Goal of the exercise:
Reproduction of part of the material below, pictures omitted: copy exactly, and only, the lines starting with the one with "Джемпер выполнен из" and going on through the one with "剔除尚未开板的新股及科创板股".

Dataset extract:

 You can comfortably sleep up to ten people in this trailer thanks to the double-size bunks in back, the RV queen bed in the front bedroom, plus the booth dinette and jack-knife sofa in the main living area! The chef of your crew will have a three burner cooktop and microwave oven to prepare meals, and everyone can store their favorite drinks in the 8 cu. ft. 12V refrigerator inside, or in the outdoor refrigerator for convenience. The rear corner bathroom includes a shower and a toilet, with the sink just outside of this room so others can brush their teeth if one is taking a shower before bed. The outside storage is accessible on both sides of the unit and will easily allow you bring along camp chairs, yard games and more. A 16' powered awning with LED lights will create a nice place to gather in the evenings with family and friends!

* * *

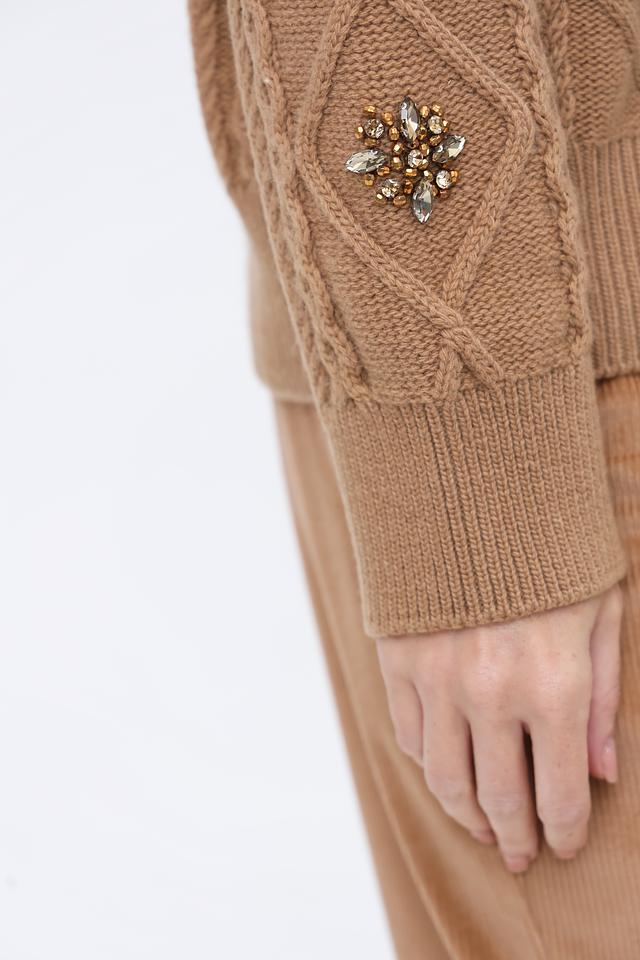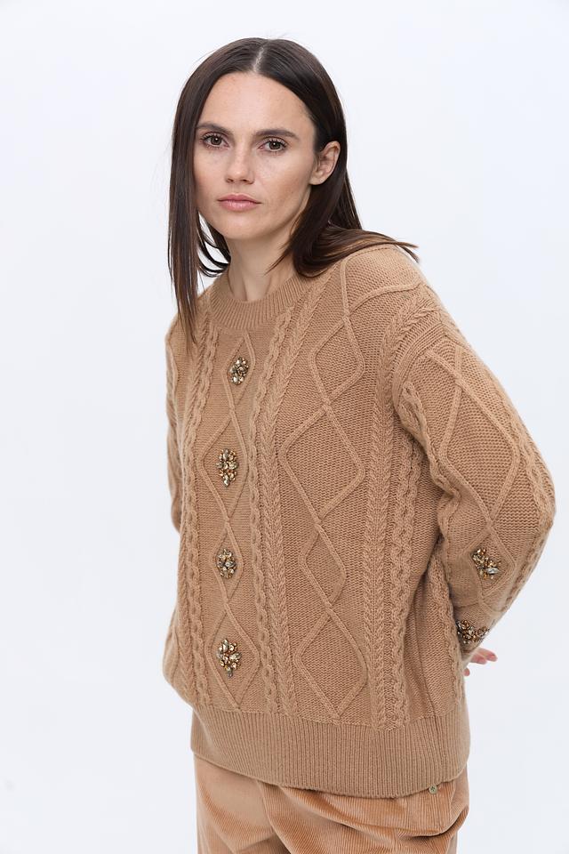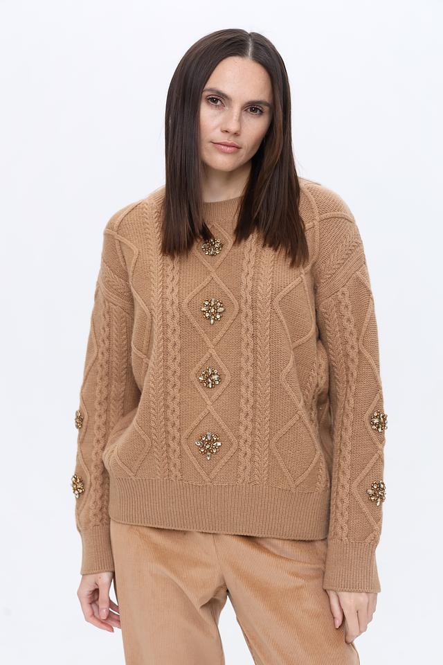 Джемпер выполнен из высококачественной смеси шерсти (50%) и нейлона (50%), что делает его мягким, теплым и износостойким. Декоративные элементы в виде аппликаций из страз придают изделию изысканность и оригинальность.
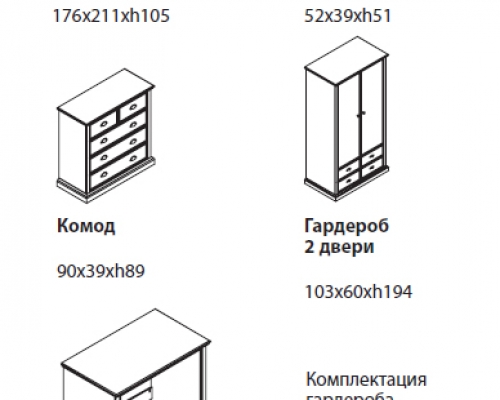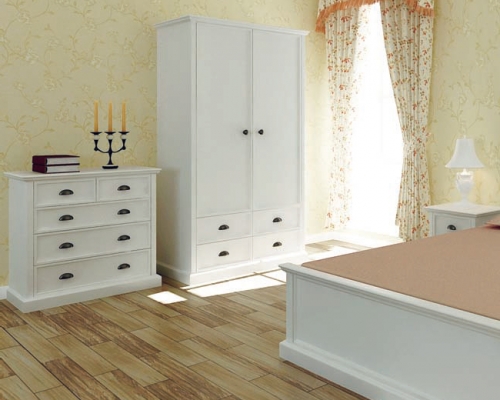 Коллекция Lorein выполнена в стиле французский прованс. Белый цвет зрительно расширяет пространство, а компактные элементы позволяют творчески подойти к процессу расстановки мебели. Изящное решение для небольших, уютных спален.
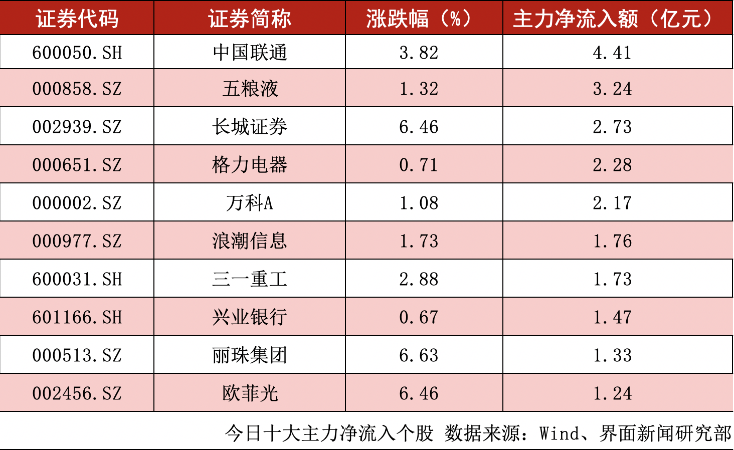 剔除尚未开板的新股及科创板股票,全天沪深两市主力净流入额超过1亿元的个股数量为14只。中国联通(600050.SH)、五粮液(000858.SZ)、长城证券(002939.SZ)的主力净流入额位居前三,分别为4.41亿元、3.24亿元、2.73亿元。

Completed task:
 Джемпер выполнен из высококачественной смеси шерсти (50%) и нейлона (50%), что делает его мягким, теплым и износостойким. Декоративные элементы в виде аппликаций из страз придают изделию изысканность и оригинальность.
 Коллекция Lorein выполнена в стиле французский прованс. Белый цвет зрительно расширяет пространство, а компактные элементы позволяют творчески подойти к процессу расстановки мебели. Изящное решение для небольших, уютных спален.
 剔除尚未开板的新股及科创板股票,全天沪深两市主力净流入额超过1亿元的个股数量为14只。中国联通(600050.SH)、五粮液(000858.SZ)、长城证券(002939.SZ)的主力净流入额位居前三,分别为4.41亿元、3.24亿元、2.73亿元。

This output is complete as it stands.